EXERCISE DATA: Begin

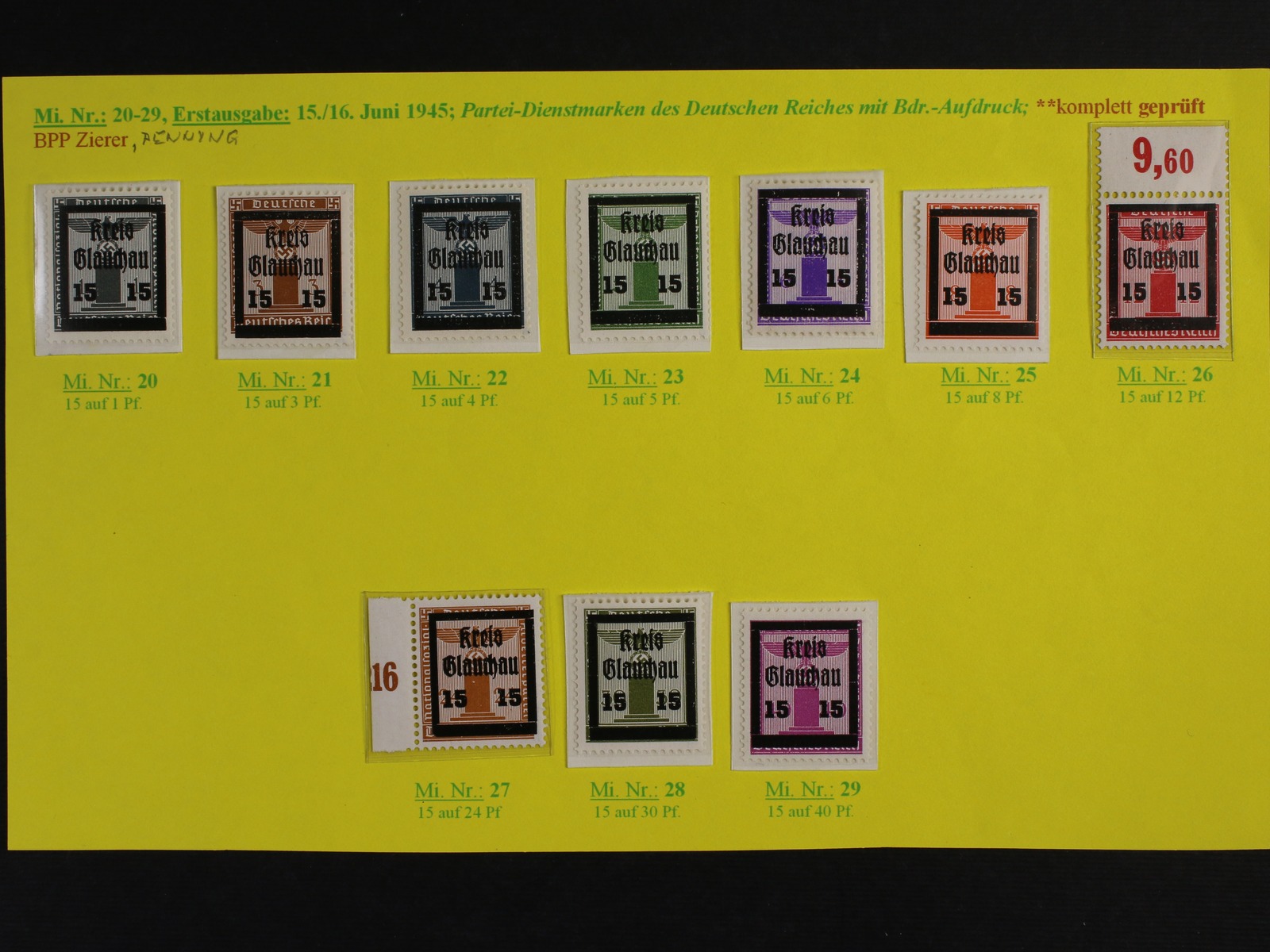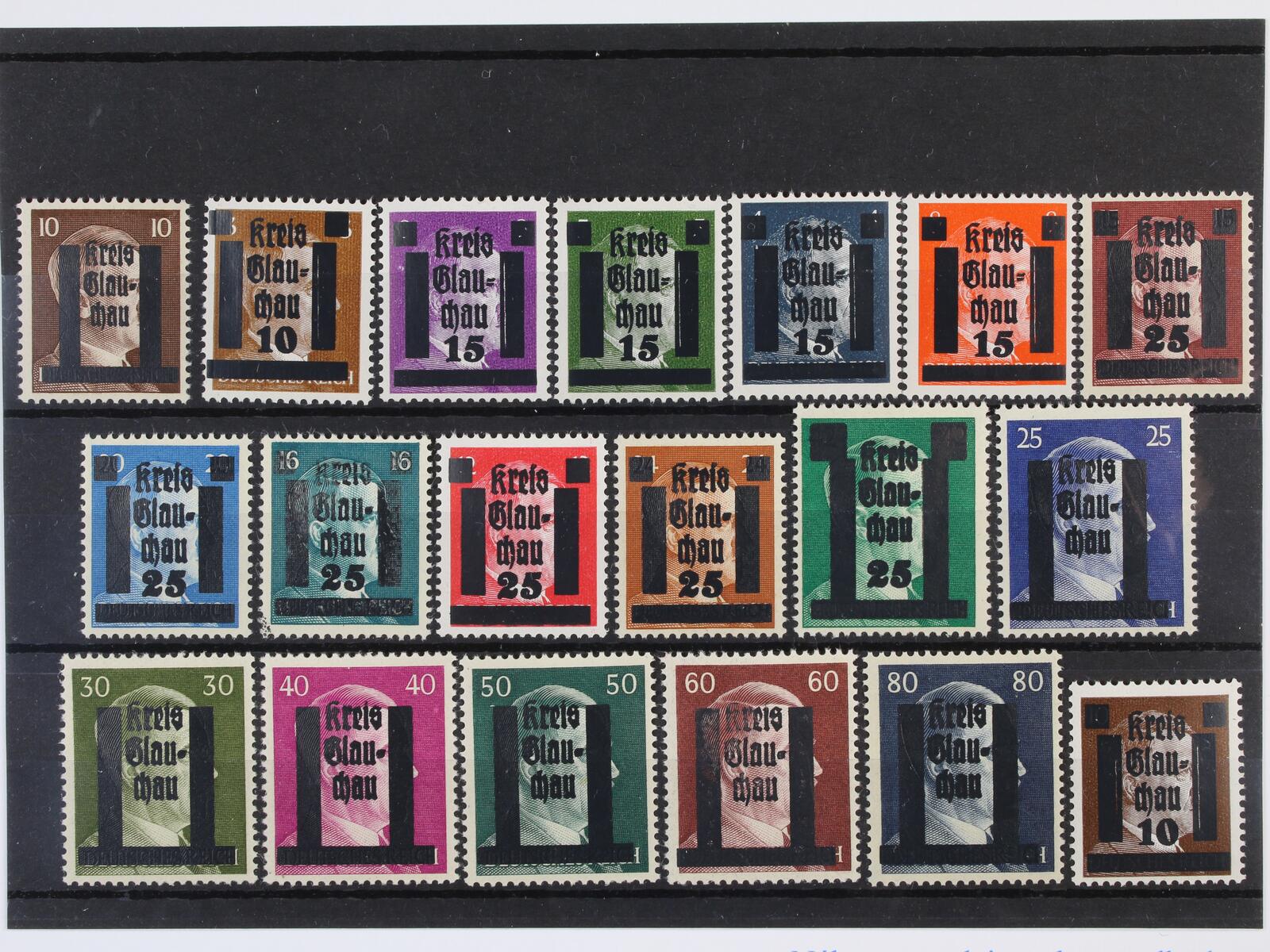 lokální vydání 1945 - GLUCHAU - zn. Mi. č. 20 - 29, dražší zn. zk. Ziere BPP a Penning BPP, kat. 500 EUR
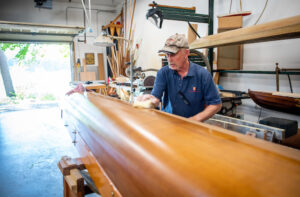 The boat made its way to King Boat Works, where it was scanned for its size and shape so that it could be replicated for the movie. Built in England, the movie versions of the boat are made of carbon fiber and made to look like the heavier wooden shells of old.
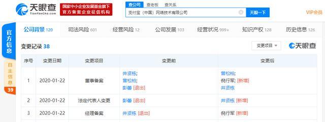 2月6日音訊,天眼查數據顯示,1月22日,付出寶的運營主體付出寶(我國)網絡技術有限公司發生工商變更,彭蕾卸職法定代表人和董事,其間法定代表人由井賢棟接任,

EXERCISE DATA: End

PROBLEM REQUIREMENTS: Each line above is to be repeated exactly as written; no picture is carried over.

FINAL ANSWER:
 lokální vydání 1945 - GLUCHAU - zn. Mi. č. 20 - 29, dražší zn. zk. Ziere BPP a Penning BPP, kat. 500 EUR
 The boat made its way to King Boat Works, where it was scanned for its size and shape so that it could be replicated for the movie. Built in England, the movie versions of the boat are made of carbon fiber and made to look like the heavier wooden shells of old.
 2月6日音訊,天眼查數據顯示,1月22日,付出寶的運營主體付出寶(我國)網絡技術有限公司發生工商變更,彭蕾卸職法定代表人和董事,其間法定代表人由井賢棟接任,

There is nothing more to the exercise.